GWS Structure
Overview
The GWS can be found in the /gws/pw/j07 directory on JASMIN, and is split into two volumes - ncas_obs_vol1 and ncas_obs_vol2. Within these volumes are directories for each of the AMOF atmospheric observatories, one for mobile instruments, and one for FAAM, with amf (soon to be mobile), bttao, cdao, cvao, faam, iao, and wao in ncas_obs_vol1, and cao in ncas_obs_vol2. Each of these observatory directories have a number of folders for raw data, processed data, software, and sending data to the CEDA archive.
Raw Data
Raw data is the data that comes out of the instrument, prior to any processing or calibration work. Within this folder is a directory for each instrument associated with the observatory, using the instrument’s unique AMOF instrument name. These instrument folders contain two folders:
incoming- a writeable directory for raw data to be uploaded into. Once the instrument scientist is happy the data is correct, it is moved into thedatadirectory and made read only.data- read-only directory containing raw data from the instrument. Within this folder, data should be split into folders related to the project the data relates to, in the format<start_date>_<project_name>(see Project Folder for more information).
Software
A directory for code used for processing raw data. Each instrument has it’s own folder, which is linked to the instrument software repository on GitHub. This code should contain all the processing needed to prepare the raw data into a format ready for ingestion to the CEDA archive, and should be version controlled through GitHub to aid in traceability in data workflow, and any re-processing that may need to be done.
Processing
A folder to be used in the preparation of data for ingestion to the CEDA archive. While the instrument scientist can mostly arrange the instrument folders to suit their workflow, it is recommended the project folder is used prepended to folder names to aid in traceability, for example 20010101_longterm_quality-control.

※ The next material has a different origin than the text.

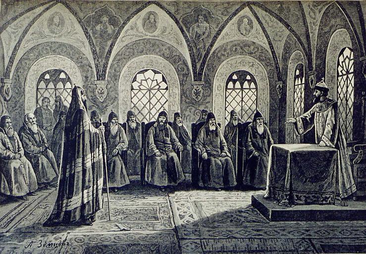 Keywords: Tsar Alexey Mihajlovich and patriarch Nikon on court.jpg Tsar Alexey Mihajlovich and patriarch Nikon on court Ца ь Алексей ихайлович и пат иа х икон на суде http //www hist msu ru/ER/NIKON/IZGr19_2 htm 1892 A Zemtcov PD-Russia-2008 Patriarch Nikon in history paintings Alexis I of Russia in history paintings |

Files that are ready to sent to the CEDA archive using the Upload to CEDA tool must be in a folder with the project folder naming convention directly beneath the instrument folder, i.e. processing/<instrument_name>/<project_folder>/. Within this folder, files must be separated into folders by date in the format yyyy/mm/dd, using as many date layers as appropriate (for example, daily files may only need yyyy/mm folders).
Tools
This directory stores tools and code that can be used to plot and manipulate processed data. Code for each instrument can be arranged as the instrument scientist wishes, and should be backed up to the instrument tools repository on GitHub.
Additional Data
A folder for storing additional information and documents related to instruments, for example manuals and calibration certificates. Each instrument directory is linked to the instrument additionaldata repository on GitHub.
Upload
A holding area for data that is ready to be ingested into the CEDA archive. Data should be moved here from the processing directories using the Upload to CEDA tool.
Logs
A directory for log files. These log files could be (for example) related to the transfer process from instruments to JASMIN, log outputs from processing the raw data, or information about power at the observatory. This directory can be defined and used as required.
Public
A link to the public HTML space for the observatory. This space could be used for sharing small files or latest quick look data plots from the instruments.
GWS_scripts
This directory should be used for storing scripts that used within the group workspace. This would include scripts that pull raw data from instruments to JASMIN, as well as some scripts for creating new directories when new instruments are added.
Project Folder
In a number of places throughout the GWS, instrument data is stored within a project folder, which is named in the format <start_date>_<project_name>. This project folder helps to keep related data together through the GWS, and helps place it in the right place when uploaded to the CEDA archive.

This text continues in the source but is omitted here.